I would use bit fields only if all of the following three assumptions
are true:

(a) It does not matter what bits are assigned to which field. [1]
(b) The size of the structure containing the bit fields is not
important. [2]
(c) The alignment of a bit field structure is not important. [3]

In most cases they are not, so I use masks + shifts.

Have you ever come across a real world situation where any of these are
an issue?

In embedded systems and communication protocols, all the time.

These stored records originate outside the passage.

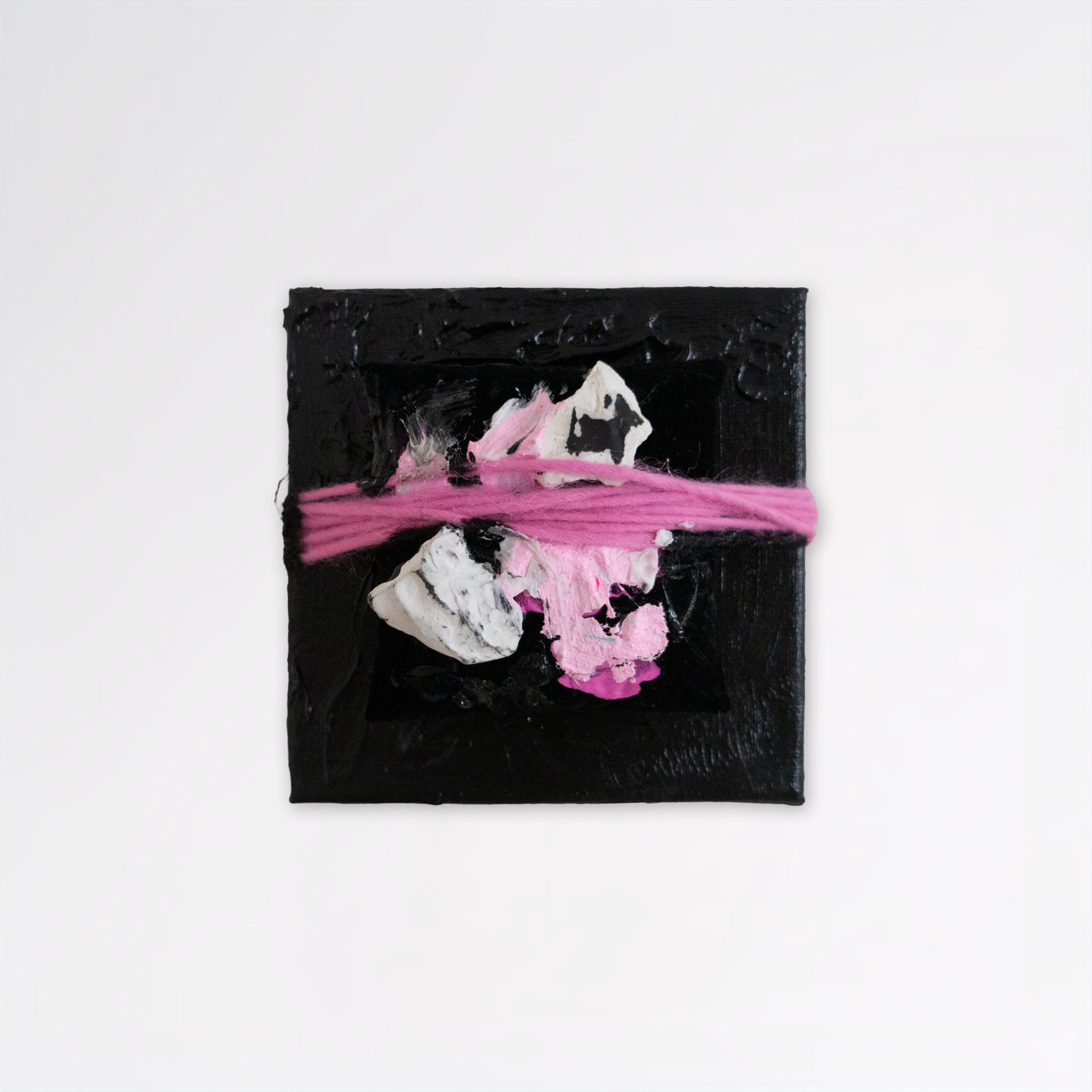 Mixed media assemblage with a canvas, a velvet pillow, two stones, wool yarn and paint.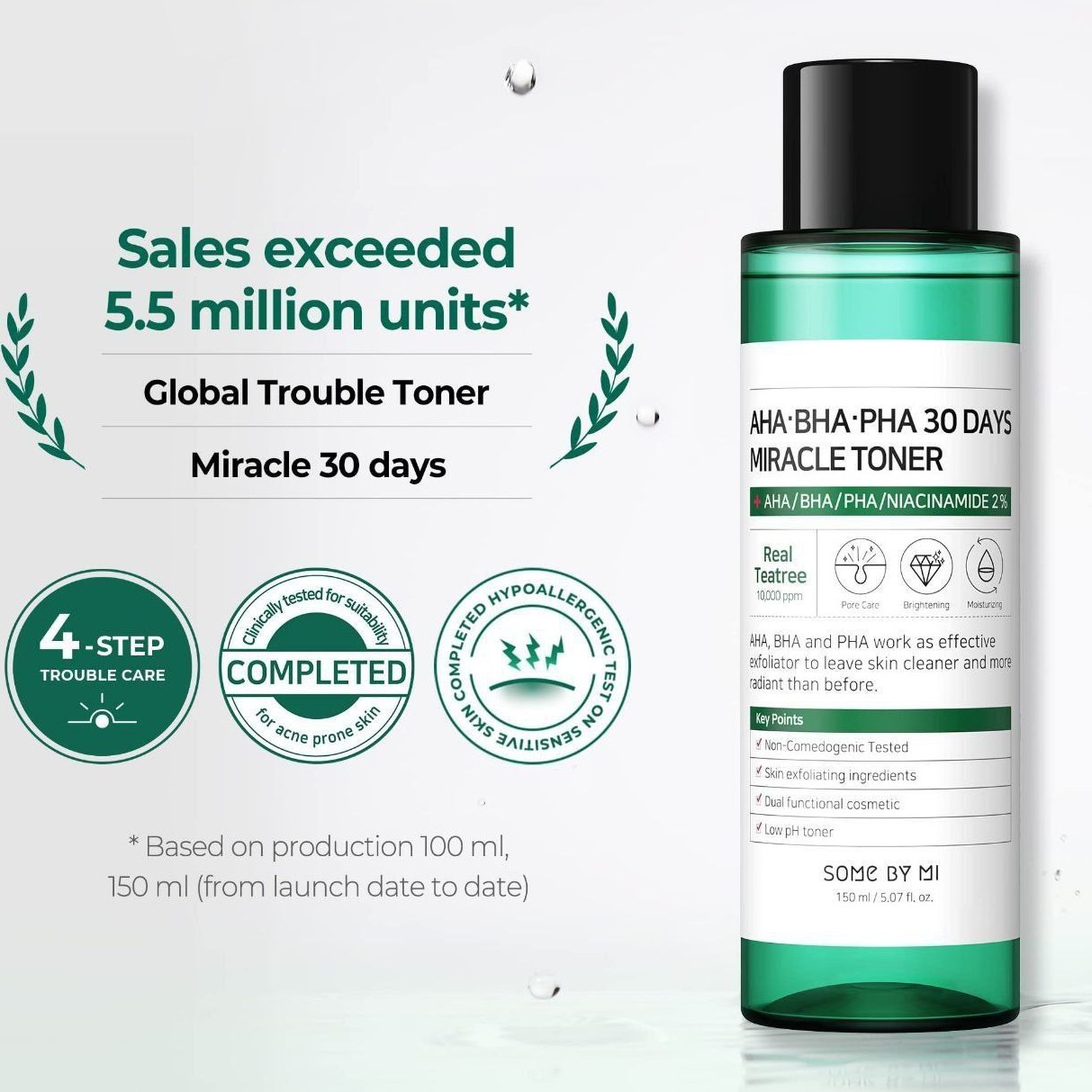 تونر میراکل یکی از محبوبترین و پرفروشترین محصولات لاین “معجزه 30 روزه” برند سام بای می، مناسب برای پوستهای مختلط، چرب و حساس میباشد. که با خاصیت لایه برداری ملایم سبب از بین رفتن سلولهای مرده و چربیهای اضافه پوست شده، در نتیجه به طور چشمگیری موجب کاهش جوشهای سر سیاه و سر سفید و جمع شدن منافذ میگردد، این تونر سام بای می با خاصیت آبرسانی که دارد از خشک شدن پوست جلوگیری کرده، دارای pH پایین بوده و فاقد عطر، رنگ، سولفات، پارابن، الکل، سیلیکون و روغنهای معدنی میباشد.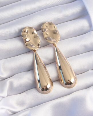 Pirinç Gold Renk Uzun Bombeli Ezme Plaka Küpe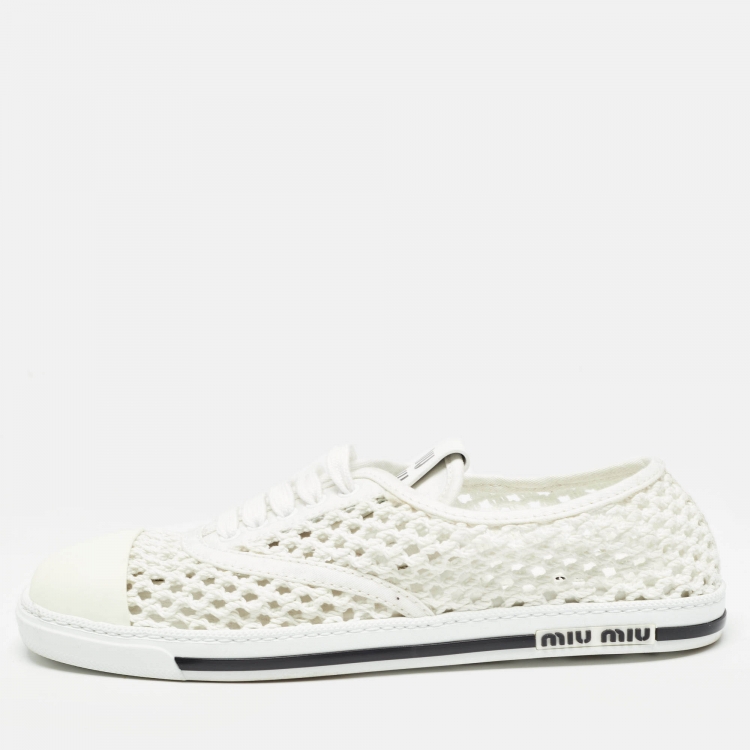 Miu Miu White Knit Fabric Lace Up Sneakers Size 39.5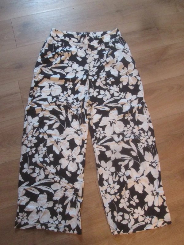 Elegant and versatile, these floral print wide leg trousers feature a pull-on style and an elasticated waist at the back for a comfortable fit. Ideal for casual outings or a relaxed day at home.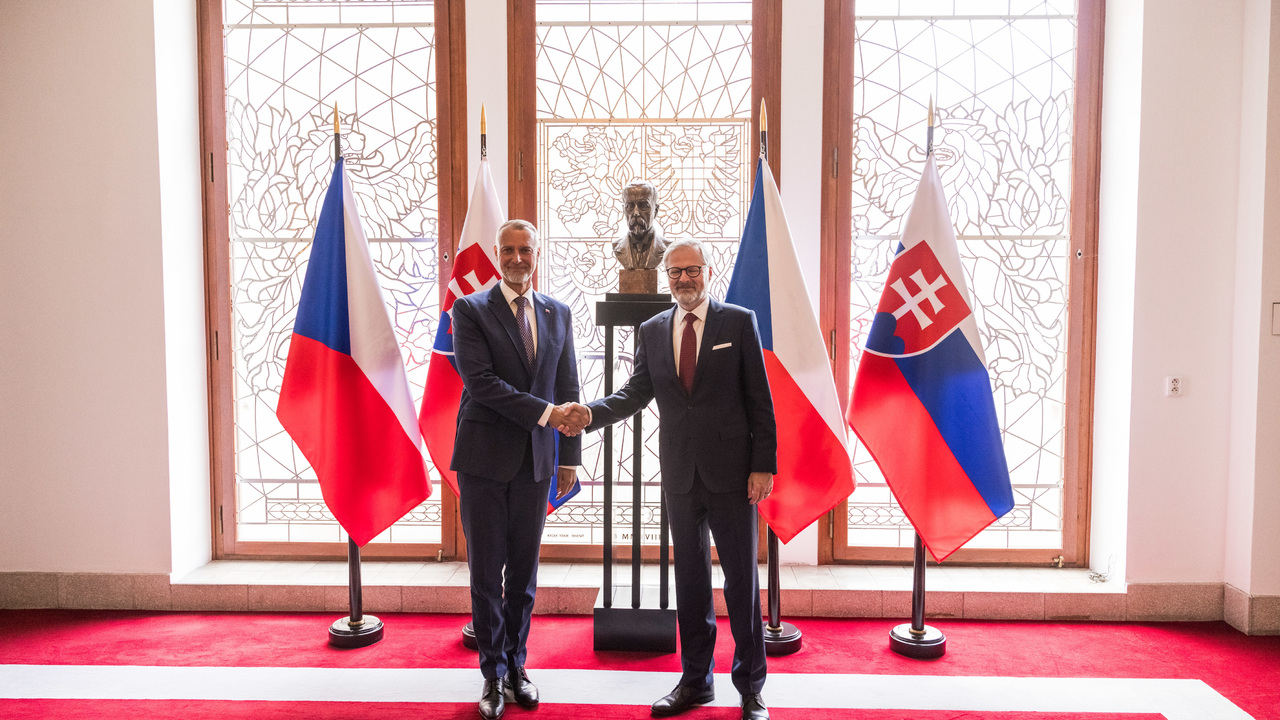 Predseda Národnej rady Richard Raši a český premiér Petr Fiala rokujú počas stretnutia v Prahe.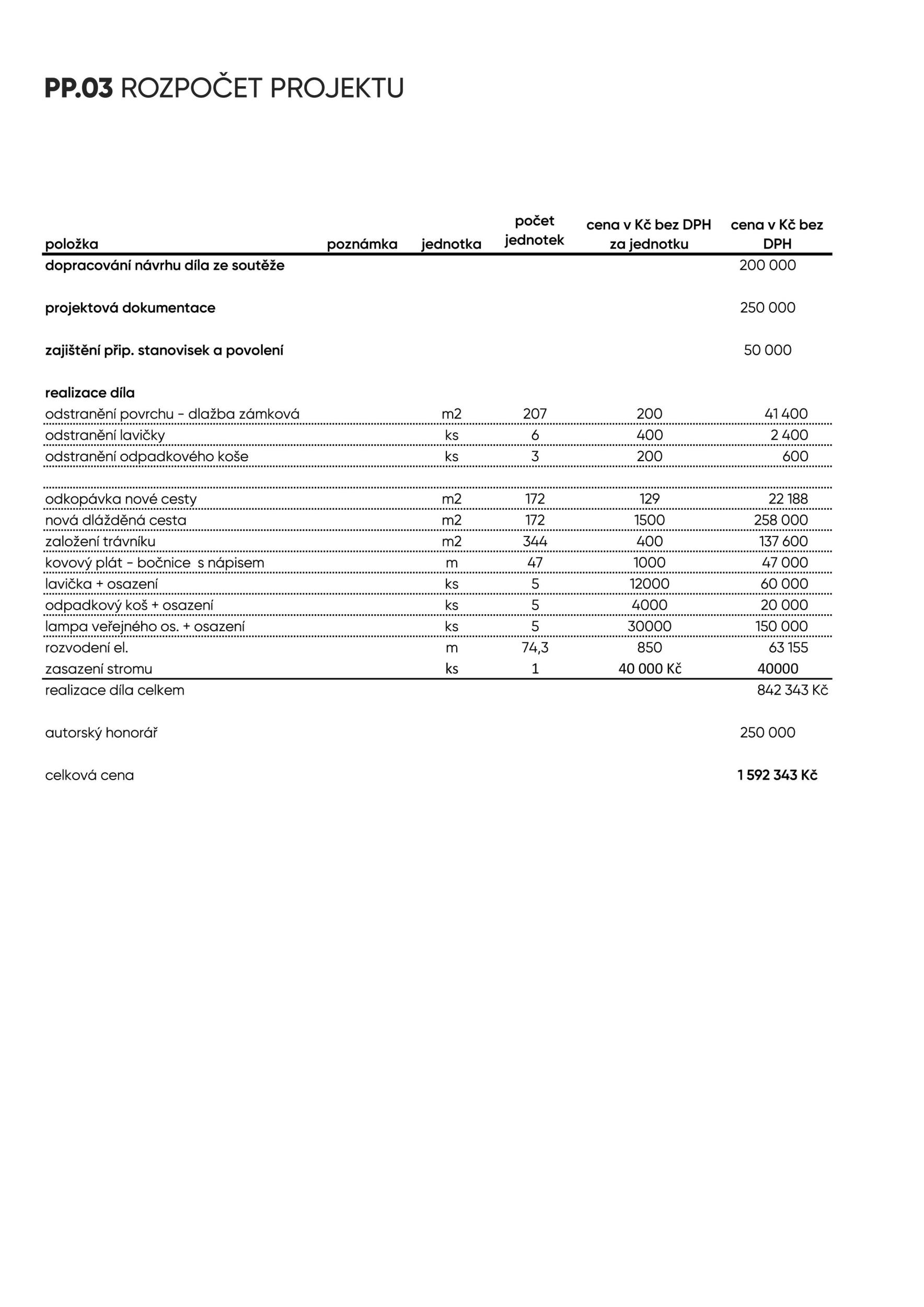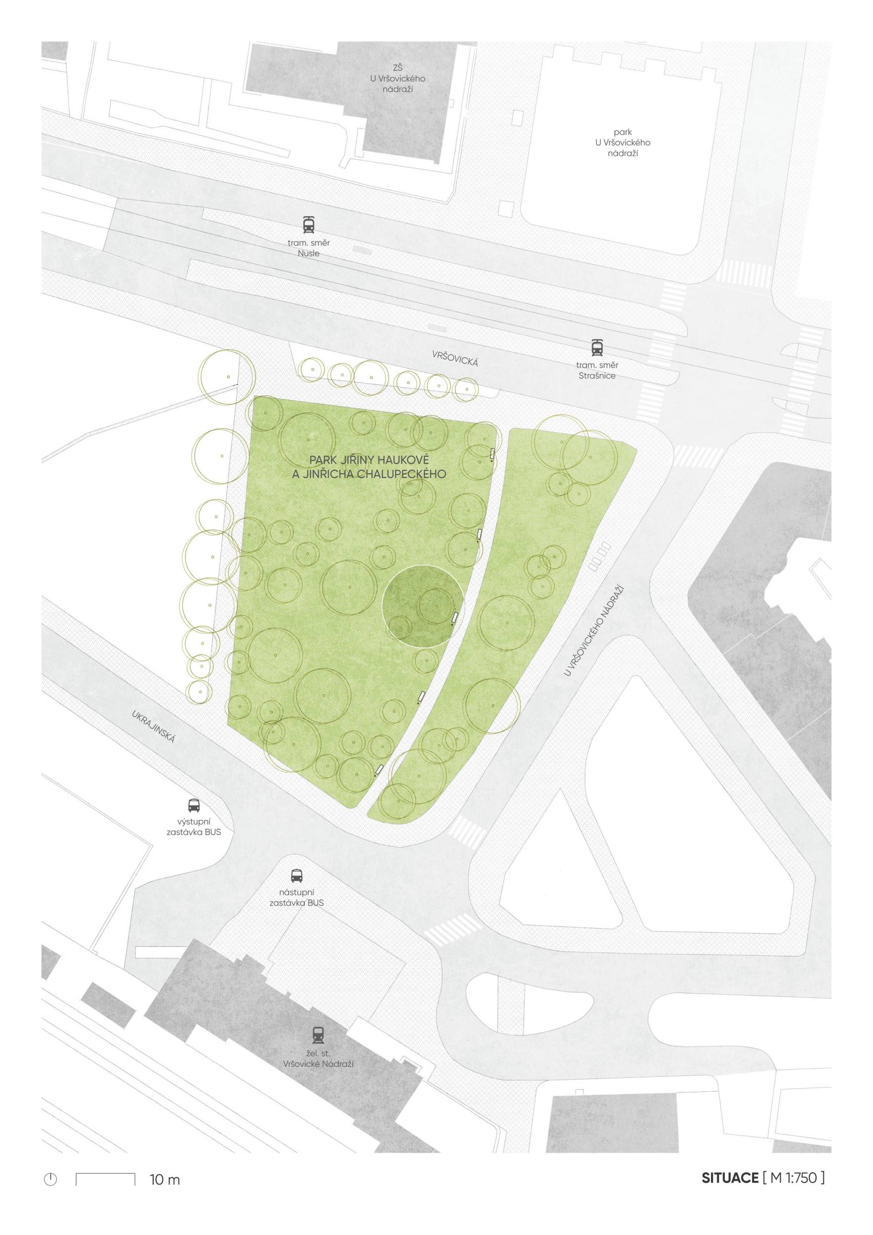 Vložení přírodního piedestalu, který jakoby mimoděk zdůrazňuje význam jinak obyčejného místa je na hranici banálnosti, přesto je koncept zvednutí úrovně parku o několik decimetrů v souvislosti s Chalupeckého i Haukové potřebou zviditelňování každodenní skutečnosti velice atraktivní. Velmi sympatický návrh akcentující samotné místo a život v něm jednoduchým, a přesto poetickým i promyšleným způsobem upozorňuje na každodennost. Návrh dle názoru poroty v konkurenci soutěže dobře vyhověl zmíněným kritériím stanoveným soutěžními podmínkami.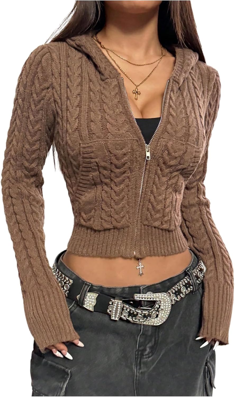 Verdusa Women's Zip Up Knit Crop Cardigan Long Sleeve Hooded Slim Fit Hoodies Outerwear with Pocket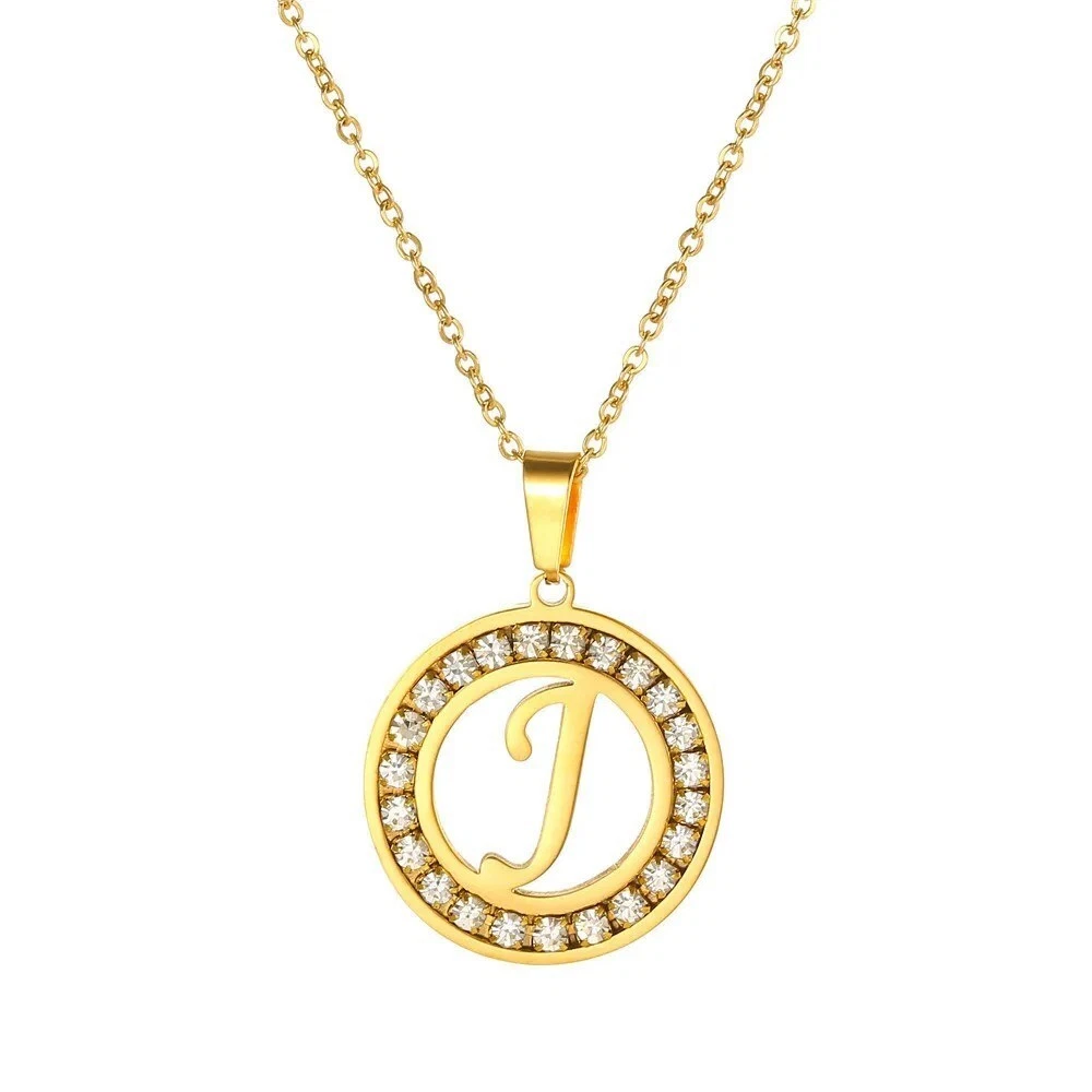 Fashion Gold Square Initial Letter Pendant Necklace, Bling Rhinestone Charm Gift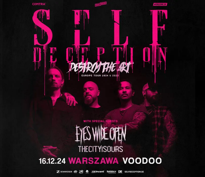 🤘 Już 16 grudnia w warszawskim klubie VooDoo wystąpi grupa, która jest jedną z wiodących sił skandynawskiej sceny rockowej. Szwedzi z Self Deception zagrają w Polsce w ramach trasy Destroy The Art Tour, a towarzyszyć im będą rodacy z Eyes Wide Open oraz metalcore’owcy z TheCityIsOurs. Self Deception to jeden z najciekawszych i najczęściej streamowanych rockowych zespołów ze Szwecji. Formacja znana jest z dynamicznego brzmienia, które łączy klasyczne elementy rocka ze świeżym, nowoczesnym metalem. Grupa ma na koncie dwa albumy studyjne i single na szczytach list przebojów, a najnowszy krążek Szwedów, „Destroy The Art” ukaże się już 25 października i jak anonsuje sam zespół, będzie to wyzwanie rzucone wszelkim normom. Płyta głęboko zanurza się w introspektywnych tematach, łącząc charakterystyczne brzmienie i przebojowe refreny z dojrzałymi, przemyślanymi tekstami, odnoszącymi się do osobistych i społecznych wyzwań. Eyes Wide Open niosą pochodnię szwedzkiej sceny melodyjnego death metalu, wzbogacając swoją twórczość nowoczesnymi brzmieniami i nowymi wpływami inspirowanymi metalcorem. Chwytliwe melodie, ciężkie bębny, pompujący rytm i wszechstronny wokal łączą się w charakterystyczny styl, który ekscytuje fanów na całym świecie. Teksty poruszają tematy wewnętrznych i zewnętrznych konfliktów, takich jak poszukiwanie osobistych marzeń i konfrontacja ze strachami i demonami. Londyński TheCityIsOurs istnieje od 2015 roku i z pełną premedytacją robi coraz więcej zamieszania na scenie alternatywnego rocka i metalu. Intensywne trasy koncertowe zbiegły się z sukcesem ich debiutanckiego krążka „Low” (2019), który znalazł się w pierwszej piątce metalowych list przebojów ITunes. Z roku na rok z coraz większą ilością koncertów i kolejnymi nowymi wydawnictwami formacja zdobywała coraz większe uznanie krytyków i sukcesywnie podbijała serca fanów melodic metalcore’a. SELF DECEPTION DESTROY THE ART TOUR SPECIAL GUESTS: EYES WIDE OPEN, THECITYISOURS 📅16.12.2024 📍Warszawa, VooDoo 🎟BILETY: W sprzedaży od czwartku, 29 sierpnia, godz. 15:00: https://bit.ly/SELF_DECEPTION_WAW 🎫Punkty sprzedaży: www.winiarybookings.pl, Going, Empik Bilety ⚠️Szanowni Państwo. Prosimy o kupowanie biletów wyłącznie w autoryzowanych punktach sprzedaży. Poprzez kupno wejściówek od osób trzecich możecie zostać Państwo oszukani.⚠️ ❌Wstęp na koncert 13+ za pisemną zgodą rodzica. Poniżej 13 lat, wymagana obecność pełnoprawnego opiekuna. Wzór zgody: https://bit.ly/pisemna_zgoda_rodzica 📄Regulamin wydarzenia: https://winiarybookings.pl/regulamin/ 🌿W trosce o środowisko zachęcamy Was do pokazywania biletów na telefonie zamiast ich drukowania. ➡SELF DECEPTION (Szwecja, Ditto Music) – modern rock 🌐 https://www.facebook.com/selfdeceptionsthlm 🌐 www.selfdeception.se 🌐 https://www.instagram.com/selfdeception_official/ 🔊 „Fight Fire With Gasoline”: https://www.youtube.com/watch?v=cGU9WXVV0JQ 🔊 „Psycho”: https://www.youtube.com/watch?v=Bn_qCmjH3io 🔊 „Beautiful Disaster”: https://www.youtube.com/watch?v=4qKVakv_9k8 ➡EYES WIDE OPEN (Szwecja/ Arising Empire) – modern metal 🌐 https://www.facebook.com/Eyes.Wide.Open.SWE 🌐 www.e-w-o.net 🔊 „End of Days”: https://www.youtube.com/watch?v=bP01dkvsMJE 🔊 „Black Clover”: https://www.youtube.com/watch?v=RO6PUqVWp5I 🔊 „Die Another Day”: https://www.youtube.com/watch?v=iWxkIrH8Wiw ➡THECITYISOURS (Wielka Brytania/ Arising Empire) – melodic metalcore 🌐 https://www.facebook.com/TheCityIsOursUK 🌐 www.thecityisours.co.uk 🌐 https://www.instagram.com/thecityisoursuk/ 🔊 „In The Dark”: https://www.youtube.com/watch?v=-5Nxm4uJOqo 🔊 „Body Count” https://www.youtube.com/watch?v=IxLDTX6ChS8 🔊 „Shame” https://www.youtube.com/watch?v=YL3N_-5QzSQ --------------------------------------- Wpadaj na Instagram ➡ http://bit.ly/Nasz-instagram Polub nasz profil ➡ http://bit.ly/Nasz--Facebook

If I need, (drawing an example from a real project,) to set one of the
hardware registers controlling a communications device, where bit 0 is
an enable/disable flag, and bits 1 and 2 select one of four available
transfer rates, there is no portable way to do it using bitfields.

Lets assume the register is 8 bits wide, and I am using a 32 bit
processor which can access 8, 16, and 32 bit "storage units"

This struct

struct com_ctrl
{
unsigned int e:1; /* enable and rate. using one letter */
unsigned int r:2; /* identifiers to fit in the */
}; /* diagrams below */

could be mapped into any of these:

7 6 5 4 3 2 1 0
+-+-+-+-+-+---+-+
| | | | | | r |e|
+-+-+-+-+-+---+-+

7 6 5 4 3 2 1 0
+-+---+-+-+-+-+-+
|e| r | | | | | |
+-+---+-+-+-+-+-+

15 4 3 2 1 0 9 8 7 6 5 4 3 2 1 0
+-+-+-+-+-+-+-+-+-+-+-+-+-+---+-+
| | | | | | | | | | | | | | r |e|
+-+-+-+-+-+-+-+-+-+-+-+-+-+---+-+

15 4 3 2 1 0 9 8 7 6 5 4 3 2 1 0
+-+---+-+-+-+-+-+-+-+-+-+-+-+-+-+
|e| r | | | | | | | | | | | | | |
+-+---+-+-+-+-+-+-+-+-+-+-+-+-+-+

31 0 9 8 7 6 ... 9 8 7 6 5 4 3 2 1 0
+-+-+-+-+-+-+ ... +-+-+-+-+-+-+-+---+-+
| | | | | | | ... | | | | | | | | r |e|
+-+-+-+-+-+-+ ... +-+-+-+-+-+-+-+---+-+

31 0 9 8 7 6 ... 9 8 7 6 5 4 3 2 1 0
+-+---+-+-+-+ ... +-+-+-+-+-+-+-+-+-+-+
|e| r | | | | ... | | | | | | | | | | |
+-+---+-+-+-+ ... +-+-+-+-+-+-+-+-+-+-+


Not only the bit positions may not match, it is also impossible to
copy such a structure into the control register without risking
modifying adjacent registers.

 

[Ian Collins]

I would use bit fields only if all of the following three assumptions
are true:

(a) It does not matter what bits are assigned to which field. [1]
(b) The size of the structure containing the bit fields is not
important. [2]
(c) The alignment of a bit field structure is not important. [3]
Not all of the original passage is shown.